Caleidoscopio de identidades

30 abril 2026 2 minutos
Redacción

Las blancas paredes de las salas superiores de la Casa de la Cultura alojaron medio centenar de imágenes de la fotógrafa Cynthia Fistraiber. Activado, el carrusel proyectó una noción personalísima de ciudad, urbana, costera, espectral.
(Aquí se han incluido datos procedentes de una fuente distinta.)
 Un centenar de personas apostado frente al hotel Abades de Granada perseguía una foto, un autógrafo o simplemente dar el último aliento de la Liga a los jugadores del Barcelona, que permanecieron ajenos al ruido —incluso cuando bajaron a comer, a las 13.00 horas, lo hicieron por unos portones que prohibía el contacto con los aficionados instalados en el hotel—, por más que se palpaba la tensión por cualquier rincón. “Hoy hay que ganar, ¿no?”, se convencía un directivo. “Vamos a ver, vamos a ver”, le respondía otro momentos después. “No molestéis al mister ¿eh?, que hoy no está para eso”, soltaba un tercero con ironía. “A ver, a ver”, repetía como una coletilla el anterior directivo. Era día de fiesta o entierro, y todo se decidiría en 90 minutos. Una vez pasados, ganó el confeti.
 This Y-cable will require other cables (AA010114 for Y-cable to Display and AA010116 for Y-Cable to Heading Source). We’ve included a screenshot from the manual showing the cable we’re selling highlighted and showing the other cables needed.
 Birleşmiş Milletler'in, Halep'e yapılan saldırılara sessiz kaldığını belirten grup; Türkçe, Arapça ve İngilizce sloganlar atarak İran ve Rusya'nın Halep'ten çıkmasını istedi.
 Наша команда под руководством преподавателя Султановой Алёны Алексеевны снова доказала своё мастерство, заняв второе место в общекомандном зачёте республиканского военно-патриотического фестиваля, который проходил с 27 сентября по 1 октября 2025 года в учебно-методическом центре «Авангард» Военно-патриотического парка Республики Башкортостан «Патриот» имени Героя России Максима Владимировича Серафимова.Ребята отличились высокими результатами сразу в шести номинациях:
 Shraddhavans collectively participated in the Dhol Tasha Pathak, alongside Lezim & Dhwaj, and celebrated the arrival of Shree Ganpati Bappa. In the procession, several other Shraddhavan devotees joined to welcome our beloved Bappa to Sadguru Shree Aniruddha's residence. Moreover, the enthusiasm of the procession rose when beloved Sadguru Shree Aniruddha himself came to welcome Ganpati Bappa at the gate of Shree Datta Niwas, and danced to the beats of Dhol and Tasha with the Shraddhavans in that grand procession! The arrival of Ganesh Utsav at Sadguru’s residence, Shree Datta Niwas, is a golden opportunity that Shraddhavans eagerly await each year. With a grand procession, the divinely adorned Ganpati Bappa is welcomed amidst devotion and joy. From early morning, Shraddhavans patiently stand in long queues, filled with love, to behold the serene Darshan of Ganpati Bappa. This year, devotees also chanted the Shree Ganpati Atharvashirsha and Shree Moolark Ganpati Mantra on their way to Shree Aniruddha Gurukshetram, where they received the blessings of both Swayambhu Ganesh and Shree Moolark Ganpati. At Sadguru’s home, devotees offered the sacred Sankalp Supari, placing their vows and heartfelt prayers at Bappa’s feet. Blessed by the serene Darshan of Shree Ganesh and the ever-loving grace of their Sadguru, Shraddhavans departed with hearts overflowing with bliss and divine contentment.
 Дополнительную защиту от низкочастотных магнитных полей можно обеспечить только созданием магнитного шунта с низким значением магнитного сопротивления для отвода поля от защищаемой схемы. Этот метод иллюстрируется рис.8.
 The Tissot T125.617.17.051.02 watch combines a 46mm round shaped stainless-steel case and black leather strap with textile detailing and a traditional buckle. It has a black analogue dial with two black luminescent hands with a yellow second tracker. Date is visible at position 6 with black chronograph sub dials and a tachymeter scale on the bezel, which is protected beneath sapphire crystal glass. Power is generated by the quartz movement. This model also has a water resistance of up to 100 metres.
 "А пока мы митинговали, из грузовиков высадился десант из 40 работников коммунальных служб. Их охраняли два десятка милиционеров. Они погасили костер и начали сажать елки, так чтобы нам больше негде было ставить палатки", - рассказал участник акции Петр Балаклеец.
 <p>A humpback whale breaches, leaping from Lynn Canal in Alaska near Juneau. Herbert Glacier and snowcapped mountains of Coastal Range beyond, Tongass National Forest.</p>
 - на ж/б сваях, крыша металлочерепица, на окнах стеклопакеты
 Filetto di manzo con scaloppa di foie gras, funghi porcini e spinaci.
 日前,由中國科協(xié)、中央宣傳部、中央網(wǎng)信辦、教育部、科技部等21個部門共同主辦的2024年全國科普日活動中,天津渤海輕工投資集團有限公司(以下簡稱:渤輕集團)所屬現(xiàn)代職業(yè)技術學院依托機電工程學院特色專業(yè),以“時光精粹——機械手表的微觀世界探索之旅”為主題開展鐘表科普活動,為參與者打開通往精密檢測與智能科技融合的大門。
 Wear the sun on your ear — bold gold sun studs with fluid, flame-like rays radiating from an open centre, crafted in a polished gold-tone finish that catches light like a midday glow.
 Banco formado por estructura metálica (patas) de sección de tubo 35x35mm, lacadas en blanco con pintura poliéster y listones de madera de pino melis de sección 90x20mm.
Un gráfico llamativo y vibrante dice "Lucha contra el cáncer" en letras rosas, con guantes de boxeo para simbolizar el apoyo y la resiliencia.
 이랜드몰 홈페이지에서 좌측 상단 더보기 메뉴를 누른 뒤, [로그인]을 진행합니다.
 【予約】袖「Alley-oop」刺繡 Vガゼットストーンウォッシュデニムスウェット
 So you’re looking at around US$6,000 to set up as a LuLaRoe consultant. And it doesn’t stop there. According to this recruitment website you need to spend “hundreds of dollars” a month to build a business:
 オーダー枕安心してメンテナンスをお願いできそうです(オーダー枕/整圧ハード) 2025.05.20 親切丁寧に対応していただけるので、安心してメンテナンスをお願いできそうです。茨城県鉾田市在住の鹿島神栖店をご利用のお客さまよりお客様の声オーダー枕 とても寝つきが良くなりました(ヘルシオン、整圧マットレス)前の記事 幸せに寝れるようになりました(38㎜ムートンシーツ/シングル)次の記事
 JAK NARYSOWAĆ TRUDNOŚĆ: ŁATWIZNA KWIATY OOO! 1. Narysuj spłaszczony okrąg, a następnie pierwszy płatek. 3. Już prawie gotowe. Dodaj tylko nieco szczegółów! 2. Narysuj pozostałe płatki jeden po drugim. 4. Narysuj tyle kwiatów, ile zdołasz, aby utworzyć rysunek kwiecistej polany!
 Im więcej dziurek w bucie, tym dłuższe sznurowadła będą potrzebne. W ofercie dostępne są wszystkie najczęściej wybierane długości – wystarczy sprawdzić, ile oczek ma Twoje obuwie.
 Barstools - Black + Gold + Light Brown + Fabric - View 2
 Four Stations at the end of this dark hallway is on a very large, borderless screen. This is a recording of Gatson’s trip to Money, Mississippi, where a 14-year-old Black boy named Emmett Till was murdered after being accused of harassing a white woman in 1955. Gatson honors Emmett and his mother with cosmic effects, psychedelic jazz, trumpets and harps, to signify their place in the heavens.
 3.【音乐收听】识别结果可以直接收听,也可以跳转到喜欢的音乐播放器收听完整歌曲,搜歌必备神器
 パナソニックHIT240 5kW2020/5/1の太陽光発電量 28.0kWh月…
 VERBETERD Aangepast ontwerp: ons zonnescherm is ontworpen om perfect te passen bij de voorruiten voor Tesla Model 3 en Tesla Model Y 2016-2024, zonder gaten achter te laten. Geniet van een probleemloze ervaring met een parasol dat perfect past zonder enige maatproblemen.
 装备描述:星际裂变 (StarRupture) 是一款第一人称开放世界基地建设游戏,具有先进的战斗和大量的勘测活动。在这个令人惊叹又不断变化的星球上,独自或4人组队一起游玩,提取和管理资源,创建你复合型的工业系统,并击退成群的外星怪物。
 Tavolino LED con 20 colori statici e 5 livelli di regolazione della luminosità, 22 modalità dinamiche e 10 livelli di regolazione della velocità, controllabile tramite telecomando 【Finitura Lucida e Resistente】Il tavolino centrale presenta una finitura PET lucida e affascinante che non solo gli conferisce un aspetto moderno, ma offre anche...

Un barquito inmóvil encallado en un río de papel satinado, un sueño frustrado de ilustraciones sin exponer y pichichos callejeros y un angelito travieso que se ríe en lo alto de prejuiciosas geometrías escolares son fragmentos de una ciudad de anclaje real y sin embargo fantástico, que vive en la fotografía de Cynthia Fistraiber.
La artista abrió la temporada 2026 en la Casa de la Cultura con dos muestras: El río nos une y Habitar lo cotidiano. Fueron 51 imágenes serenas, salidas de un laberinto interior, de pies con arena, de taciturna nostalgia, de baldosas flojas, de alturas inversas.
La ciudad de Fistraiber, un poco de cemento, otro tanto de isla, con sus destellos fulgurantes y sus perfiles tenuemente sombríos, es parecida a la de muchos residentes de la capital provincial, pero a la vez peculiar. He ahí su encanto. Hay una cepa de curiosa familiaridad que une veredas inmersas en una galería de sombra vegetal y escenas corrientes bajo perspectivas de cierta extravagancia, junto a otras fluviales, como la de una embarcación escuálida llevando a remolque una canoa desvalida.


La producción fotográfica cubrió las dos salas dispuestas. El piso de pinotea, las puertas a tono, le imprimieron al ambiente un tono acogedor. El material estuvo prolijamente presentado. Por sectores, devolvió postales de la sobrevivencia pescadora, siluetas ribereñas, juegos citadinos de luminiscencia y opacidad y jirafas residenciales asomadas al vacío, retratadas desde más allá de las barrancas.
En un rincón, Fistraiber rindió homenaje a Pedro Antonio Tori, un refinado personaje que recorrió sus últimos años desde calle Buenos Aires a la encina que está sobre uno de los costados del anfiteatro Héctor Sántángelo. Quienes lo frecuentaron conocieron la profundidad y riqueza de su habilidad conversadora. Era menos conocido su interés por las artes visuales. En la muestra algunas de sus obras se abren en abanico de trazos, colores, planos y grafito. Cuelgan de una foto de Fistraiber en la que el autor está sentado ante un portón. Barbado, de despeinada melena, la imagen es rica en significado. Pese a la precariedad de esas zapatillas usadas, la bermuda oscura que alguien le regaló y una camisa entrada en años, Tori sonríe, junto a sus tres perros negros: a dos los acaricia a mano abierta; el restante, se deja vencer por una modorra tenaz. “Lo tengo todo”, parece decir, amistoso y desafiante.